Solution: Use --skip-chars to ignore timestamp prefix
# Count characters in timestamp
echo "2024-01-15 10:30:01 " | wc -c
# Result: 21
# Use skip-chars
uniqseq --skip-chars 21 --window-size 1 your-file.log
Quick test:
If line count decreases, timestamps were the issue.
Cause 3: Whitespace variations
Diagnosis:
Look for:
- Multiple spaces: ERROR: Connection vs ERROR: Connection
- Tabs vs spaces: ^I indicates tab character
- Trailing whitespace: $ at unexpected positions
Solution: Normalize whitespace before comparison
# Squeeze multiple spaces to single space
uniqseq --hash-transform "tr -s ' '" --window-size 1 your-file.log
# Remove all whitespace
uniqseq --hash-transform "tr -d ' \\t'" --window-size 1 your-file.log
Cause 4: Window size too large
Diagnosis:
If this removes duplicates but your original command didn't, your window size was too large.
Solution: Use smaller window size
# Instead of this:
uniqseq --window-size 10 your-file.log
# Try this:
uniqseq --window-size 1 your-file.log
Rule: Window size must be ≤ pattern length. If patterns are 3 lines, window size > 3 won't detect them.
Cause 5: History limit reached
Diagnosis: Check statistics for history evictions
If this number equals your --max-history value (default 100,000 for stdin, unlimited for files), history may be full.
Solution: Use unlimited history
# For file input (automatic):
uniqseq your-file.log
# For stdin (explicit):
cat your-file.log | uniqseq --unlimited-history
Debugging: Use --annotate
See what uniqseq is detecting:
Look for [NEW] tags. If everything is [NEW], nothing is matching.

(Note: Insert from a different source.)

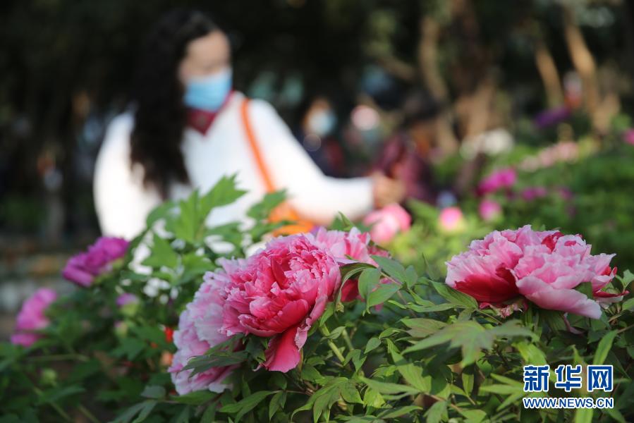 2月14日,游客在昆明市大觀公園觀賞盛開的牡丹。新華社發(fā)(梁志強 攝)

Section 2: Over-Deduplication
Problem: Too many lines removed
Symptom: Important variations are being treated as duplicates
Common causes:
Cause 1: Window size too small
Diagnosis: Small window size can create false matches
# Example with window-size 1:
Line A ← Unique
Line B ← Unique
Line A ← Treated as duplicate (matches first line)
Line C ← Unique
But you wanted to match multi-line patterns like:
Solution: Increase window size
# If you want to match 3-line patterns:
uniqseq --window-size 3 your-file.log
# Not:
uniqseq --window-size 1 your-file.log
Cause 2: Skipping too many characters
Diagnosis: Are you skipping past important distinguishing features?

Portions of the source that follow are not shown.